Чувства вернулись с каплей ледяной воды, упавшей на лицо. Мальчик сморщился и, не думая, сделал движение утереться рукавом. Он почувствовал запах ржавых водопроводных труб и вспомнил о своем падении в подвале. Он решил, что потерял сознание, потому что не знал, сколько времени он пролежал на неудобной и колючей груде битых кирпичей. Он где-то уже слышал, что если не можешь вспомнить кусок времени, то ты либо спал, либо валялся в обмороке. Уснуть на кирпичах – дело не простое. Значит, он был без сознания. Вот круто! Это первый раз! Теперь в школе можно будет похвастать Никаше, которого уже два раза вырубало мячом по голове.
Мальчик приподнялся на локте и уставился в темноту. Ого! Выходит, он до ночи провалялся. Его уже обыскались, поди. В подвальное окошко, которое снаружи было в стене дома у самой земли, а в подвале наоборот – под потолком, проникал бледный и какой-то странный свет. Мальчик не мог дотянуться до окошка, и поэтому сразу побежал к двери. Он по ступенькам взбежал до уровня крыльца и толкнул решетчатую дверцу. Она открылась, потому что её никогда и никто не запирал. Запирались только сами квартирные кладовые. Именно поэтому пацаны и играли в этом подвале, забираясь на отопительные трубы и покрываясь пылью стекловаты и паутиной.
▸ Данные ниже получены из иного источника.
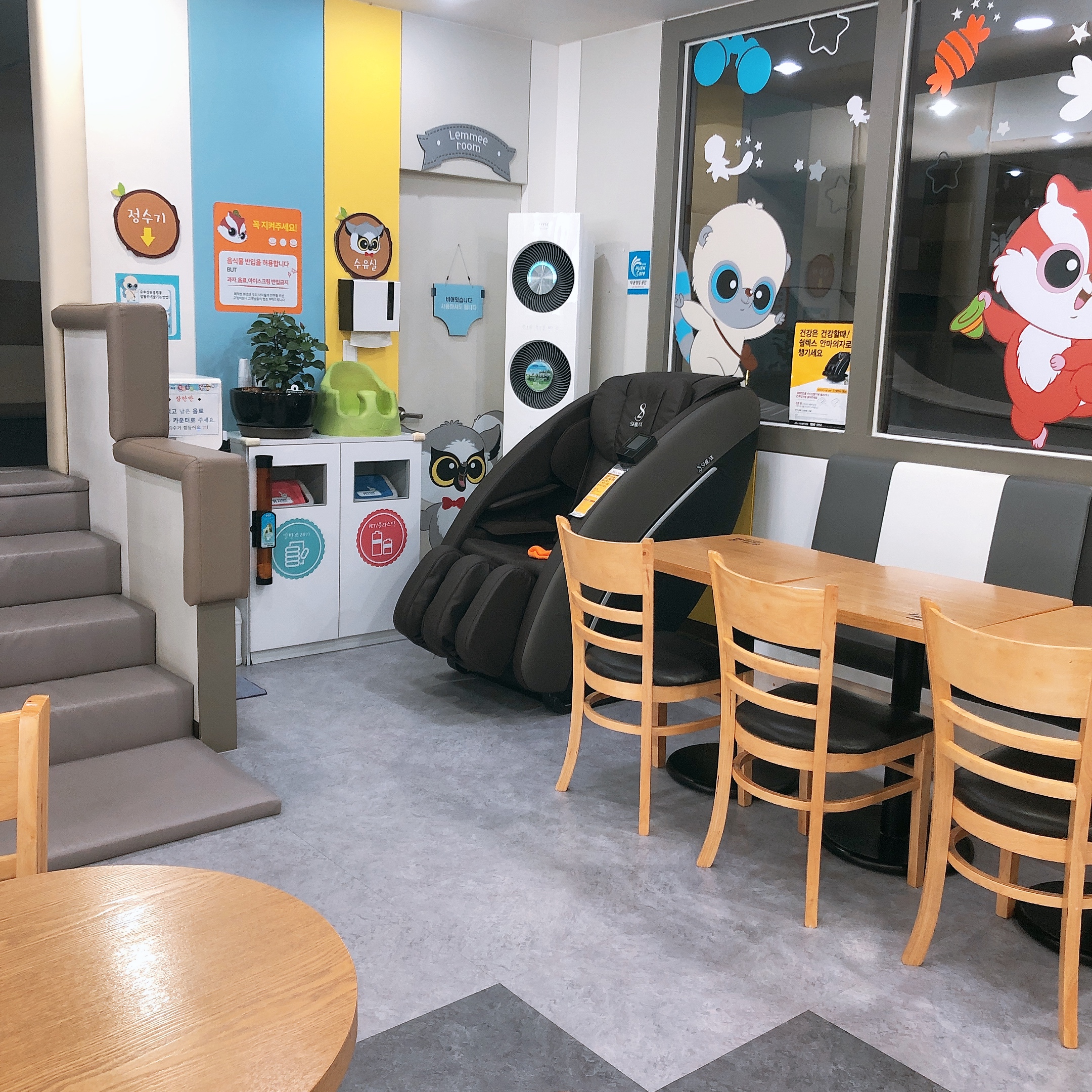 라운지 구석에는 보호자를 위한 안마기가 마련되어 있으며 3군데 정도 뽑기 기계가 있다. (유료로 사용 가능)
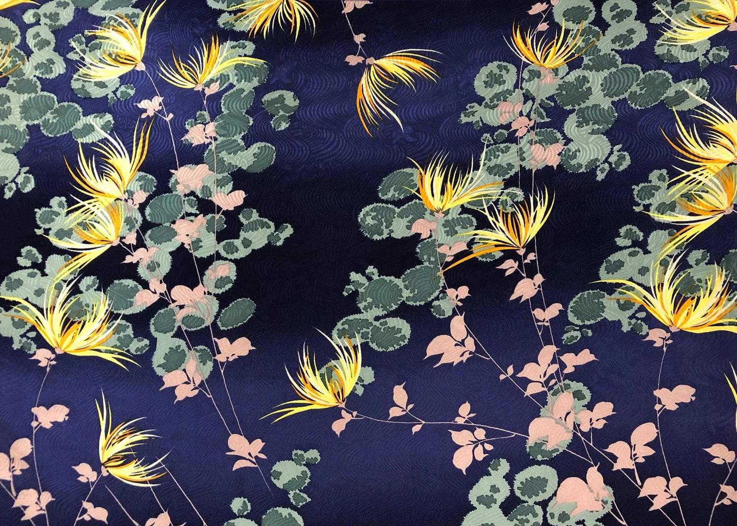 The pattern itself is expressed in a simple and balanced style, allowing each element to stand out while maintaining overall harmony. The pairing of chrysanthemums and evergreen pine creates a meaningful contrast—soft elegance alongside steadfast strength.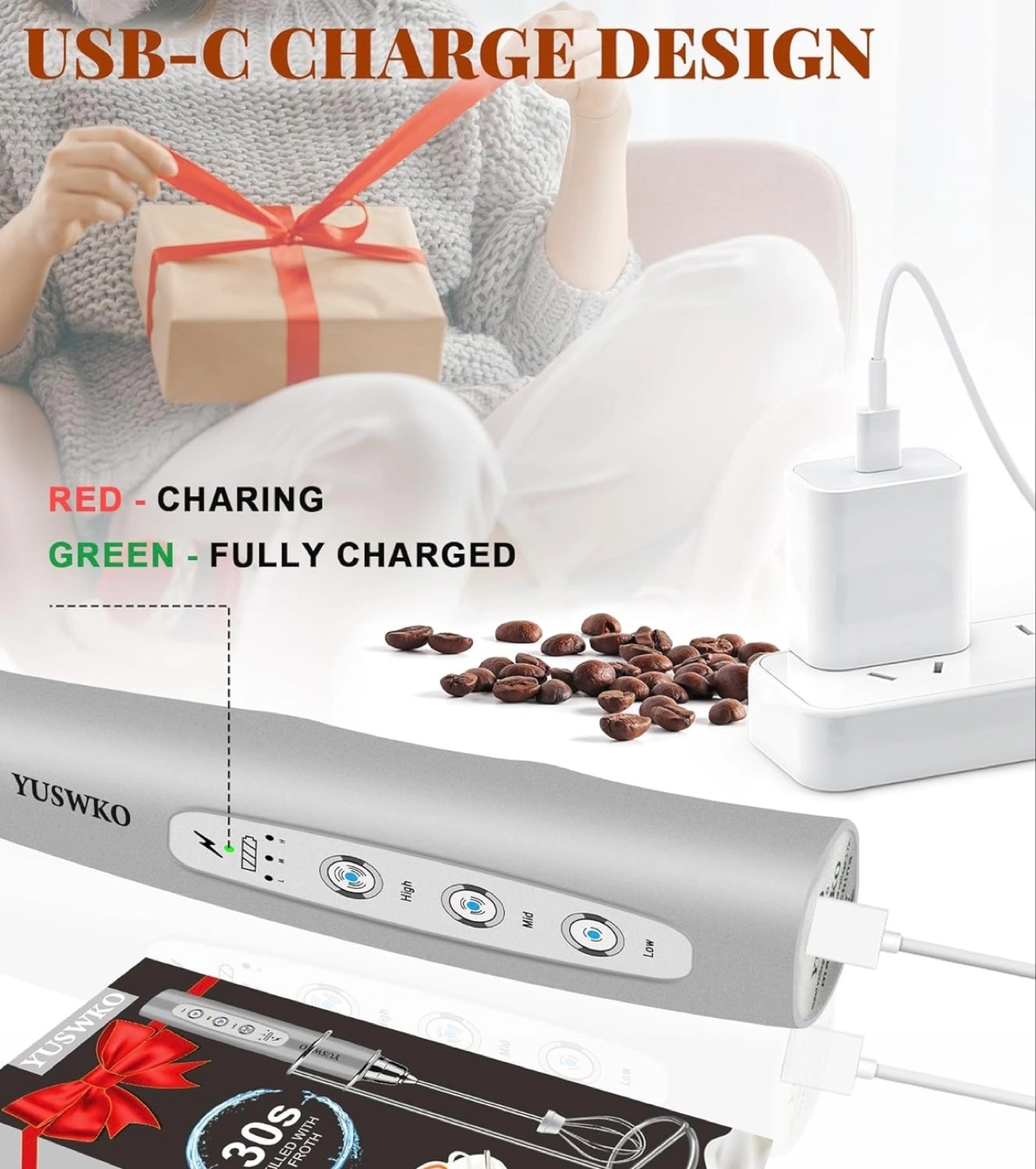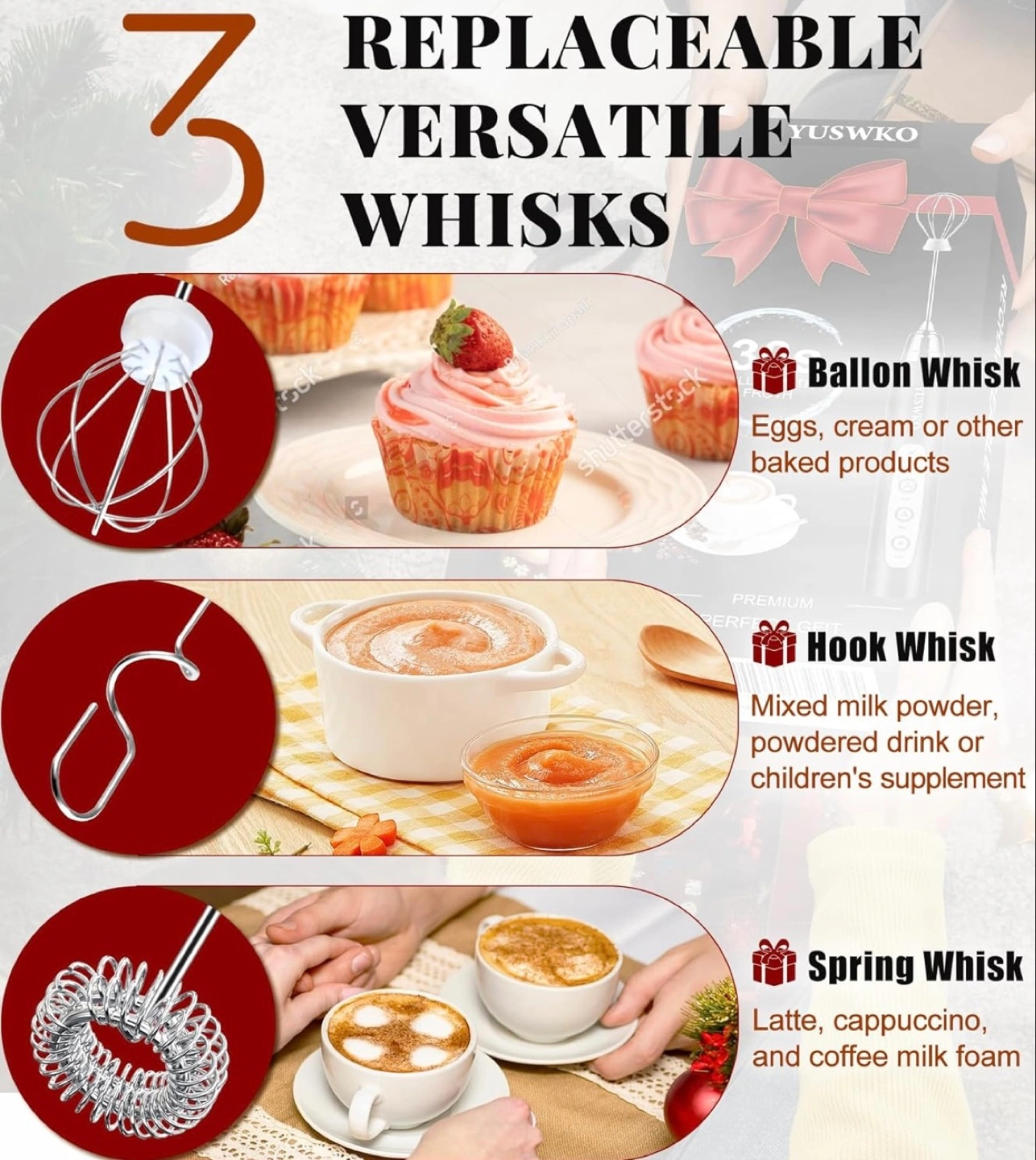 Three interchangeable whisks: balloon, hook, and spring. USB-C charging. Stylish stand included. Easy to clean. Perfect for lattes, cappuccinos, hot chocolate, and more.

Мальчик вышел во двор дома и оглянулся на окна. В некоторых еще горел свет. Интересно, который час? Он, не увидев во дворе ни одной живой души, кинулся к подъезду и взбежал по лестнице на второй этаж. У своей квартиры он нажал на дверной звонок, но не услышал обычного глухого дребезжания внутри. Ему никто не открыл. Проверил номер на всякий случай. Он позвонил ещё и даже сбегал опять во двор, чтобы убедиться, что свет на кухне именно его квартиры, действительно, ещё горит.
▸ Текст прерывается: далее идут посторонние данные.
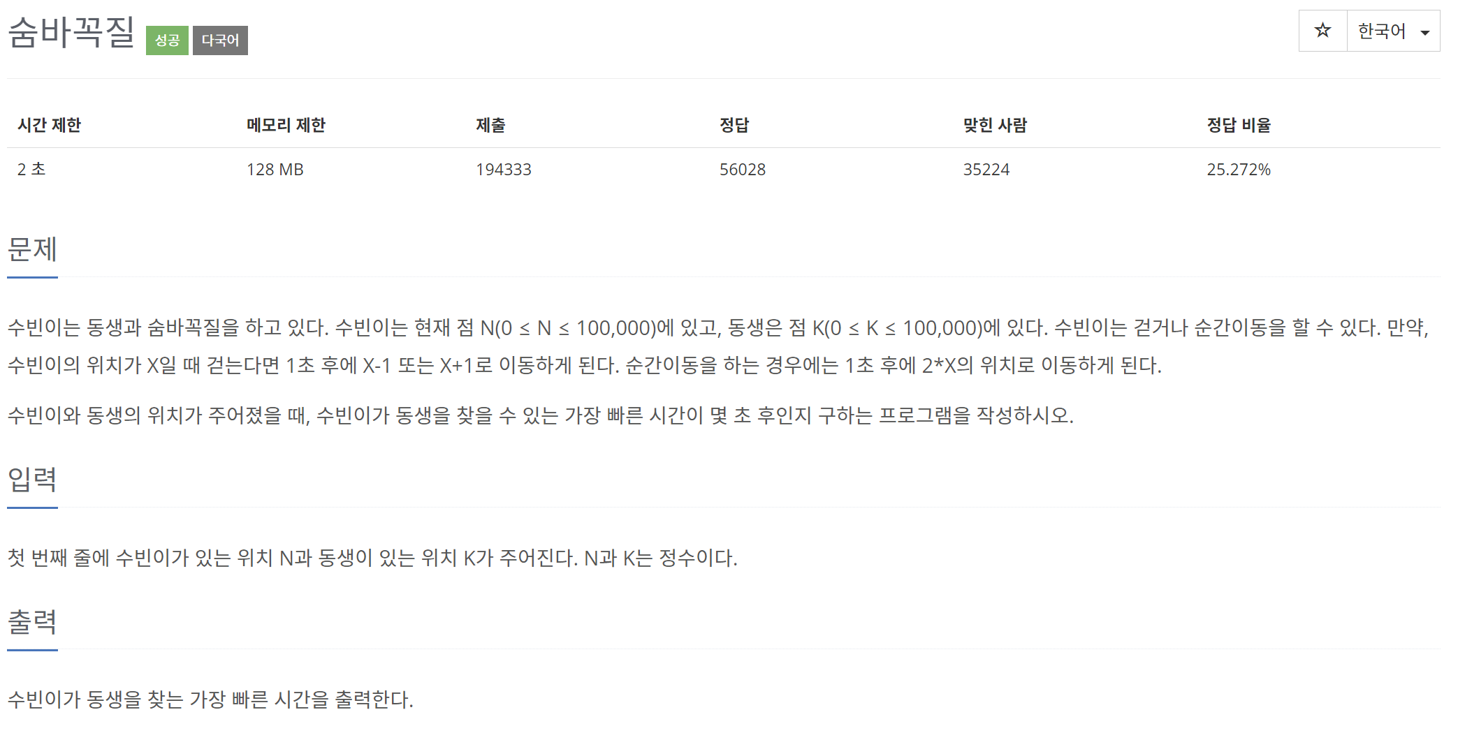 수빈이와 동생의 위치가 주어졌을 때, 수빈이가 동생을 찾을 수 있는 가장 빠른 시간이 몇 초 후인지 구하는 프로그램을 작성하시오.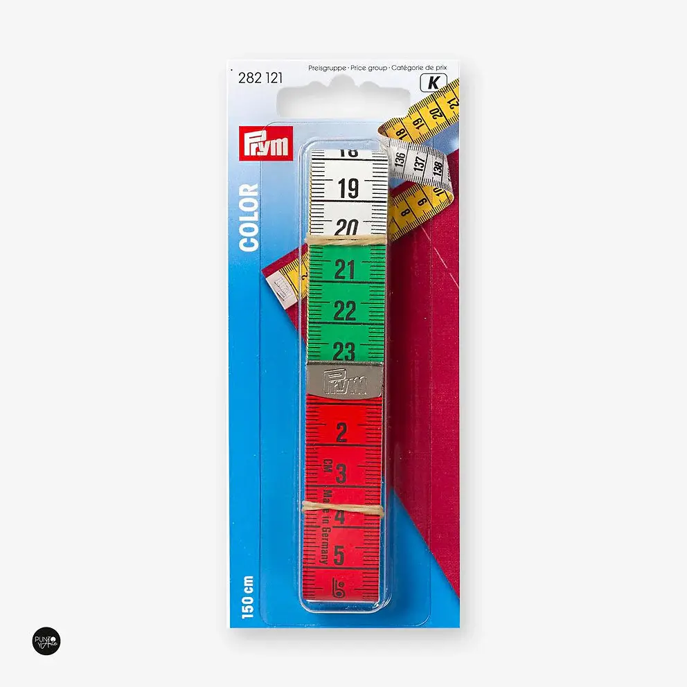 Al coser, confeccionar, hacer manualidades y cualquier otro trabajo artesanal, la cinta métrica Prym COLOR con su escala de tres colores proporciona la máxima visibilidad. Sobre los colores de fondo rojo, blanco y verde, la escala centimétrica negra es fácilmente reconocible y permite un trabajo meticulosamente preciso. El dorso amarillo otorga un mayor grado de flexibilidad que se imprime con una escala en centímetros o pulgadas. La práctica longitud de 1,50 m permite un manejo rápido y directo de esta cinta métrica de plástico resistente. Un grosor de cinta de 0,5 mm y marcos metálicos en ambos extremos garantizan una larga vida útil de la cinta métrica.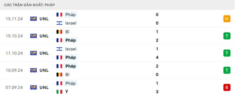 Phong độ gần đây Ý vs Pháp

Позвонив ещё разок, – длинно и зло, – он толкнул дверь. Она была не заперта. Он вздохнул с досадой и раздражением, и затопал прямо на кухню.
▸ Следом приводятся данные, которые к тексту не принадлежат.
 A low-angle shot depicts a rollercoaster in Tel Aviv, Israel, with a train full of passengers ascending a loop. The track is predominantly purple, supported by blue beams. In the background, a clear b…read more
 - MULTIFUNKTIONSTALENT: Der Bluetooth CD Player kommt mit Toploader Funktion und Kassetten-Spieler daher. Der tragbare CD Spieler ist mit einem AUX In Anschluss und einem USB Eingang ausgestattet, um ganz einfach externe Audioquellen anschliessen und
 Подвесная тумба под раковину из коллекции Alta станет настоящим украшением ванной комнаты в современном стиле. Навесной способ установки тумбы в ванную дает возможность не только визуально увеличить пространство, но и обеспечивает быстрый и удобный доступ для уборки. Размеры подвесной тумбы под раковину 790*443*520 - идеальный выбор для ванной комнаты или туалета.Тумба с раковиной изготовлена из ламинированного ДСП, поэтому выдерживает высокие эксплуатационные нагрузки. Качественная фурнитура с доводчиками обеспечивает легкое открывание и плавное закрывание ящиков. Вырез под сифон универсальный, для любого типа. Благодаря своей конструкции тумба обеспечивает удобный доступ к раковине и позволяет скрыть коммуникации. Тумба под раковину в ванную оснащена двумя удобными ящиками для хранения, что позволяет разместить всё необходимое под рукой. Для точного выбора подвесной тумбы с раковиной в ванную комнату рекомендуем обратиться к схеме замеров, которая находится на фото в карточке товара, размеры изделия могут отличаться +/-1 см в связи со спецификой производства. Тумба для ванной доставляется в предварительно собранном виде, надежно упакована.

Кухня была пуста. Комнаты – тоже. Вот это да! Куда все подевались? Наверное его же и ищут. На часах он ожидал увидеть не меньше полуночи, но часы показывали шесть двадцать. Он прекрасно помнил, что пришел из школы в пять, поел, посидел немного над уроками и в шесть убежал играть в подвал. Там он должен был встретить своего приятеля Мишку, но тот никак не приходил. Он помнит, как он полез по трубам в так называемый верхний тайник, и как под ним проломилась гнилая фанера… А дальше что?
Мальчик подошел ближе к часам, с подозрением прислушиваясь. Так и есть. Они стоят. А он-то уже не знал что и думать.
Мальчик постучался к соседке, тёте Саше. Не хотелось ее будить среди ночи, но… Соседка не открыла. Мальчик запаниковал. Он толкнул ее дверь от отчаянья, и запаниковал еще больше, потому что чужая дверь тоже с готовностью распахнулась, медленно приглашая его в полумрак прихожей. Он вошел, но вышел уже через пару минут, потому что квартира тети Саши тоже была пуста, а часы также стояли. Он бегал по всем этажам, звонил во все квартиры, к знакомым и незнакомым. Он кричал, звал, никак не способный понять три вещи: почему все часы остановились в один момент, почему он никого не может найти, и почему они все ушли, не заперев дверь? Он стоял на крыльце и подумывал попытать счастья в соседнем доме. Он уже обратил внимание на тот факт, что улица тоже пуста, и даже далекого гула машин не слышно, как вдруг кто-то сказал старческим голосом:
– Да ты, парень, совсем туго соображаешь. Мне так пяти минут хватило.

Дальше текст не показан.